All these events feel like the death rattle of the Adams administration. But assuming the feds continue to move slowly here, Adams’s demise will need considerable electoral assistance. There are some promising primary challengers already, especially compared to the last mayoral primary’s dismal roster. Among those who have already declared, comptroller Brad Lander is progressive and popular, with a plausible path to victory. The charismatic state senator Jessica Ramos has deep ties to labor. Not yet declared, but carefully considering the race, socialist state assemblyman Zohran Mamdani has emerged as one of the most compelling young leaders on the Left, championing the taxi workers, a cease-fire in Gaza, and improvements to the public transit system.

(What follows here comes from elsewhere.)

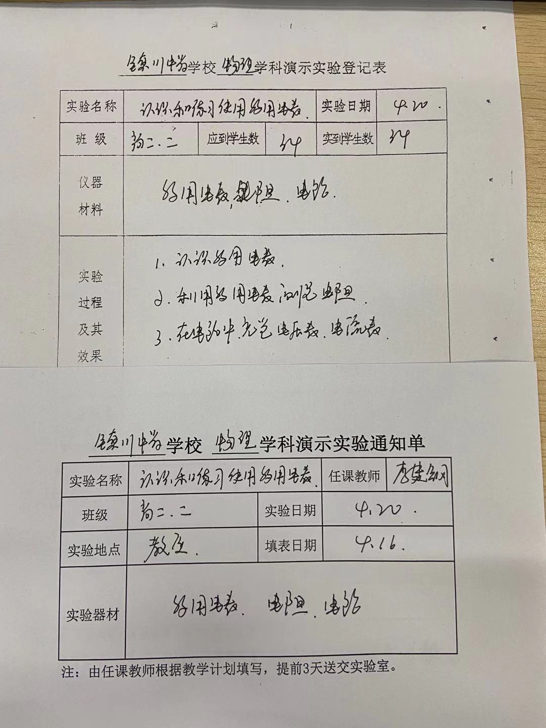 实验登记表

A divided left cannot win this, since all the money will be on Adams’s side, and plenty of voters as well. There’s an emerging cry among progressives for “Anyone but Adams,” which will only work if the institutional left — progressive unions, nonprofits, left-leaning neighborhood Democratic clubs, the Working Families Party, the Democratic Socialists of America — are united on a strategy: who to rank in the first two or three, and who to emphatically reject. Ranked-choice voting, incoherent messaging, rampant egoism, and disunity on the Left is what brought us Adams last time; perhaps with better candidates and coordination, we could do better next year. There are more socialists and progressives in office and more organizing infrastructure than last time — not to mention, after three years of Adams, a more acutely shared sense of urgency.

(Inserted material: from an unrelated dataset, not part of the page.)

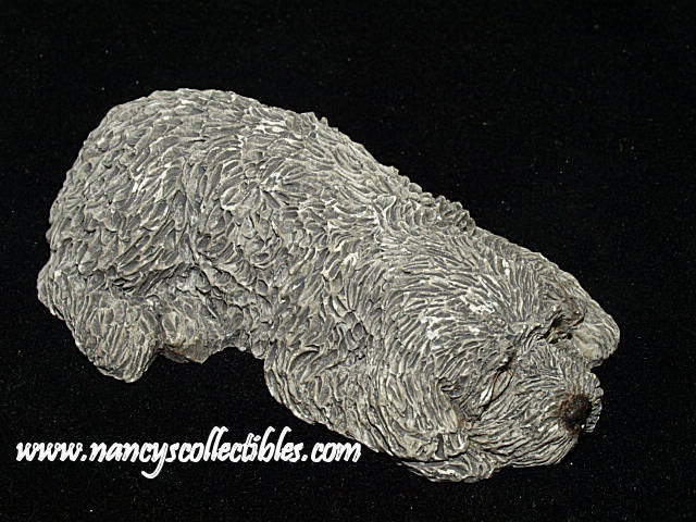 A detailed sleeping dog by Sandicast. He is gray with a black nose. He is in excellent condition; no chips, cracks, or repairs. He measures 3/4" tall and 3-3/4" long. He is marked "Sandicast, Lil Snoozer,1988".

I’m not sure I know anyone who knocked on any doors last mayoral election; left organizations were in disarray and the candidates were bad. A left united around not individuals and their egos but on the biggest challenges New Yorkers face, housing and child care, and on strengthening public goods like transit and schools, could probably beat not only Adams but also Andrew Cuomo, should the disgraced former governor throw his hat in the ring. Such an agenda could mobilize this still-vibrant city around an alternative to a status quo of corruption and austerity — and win.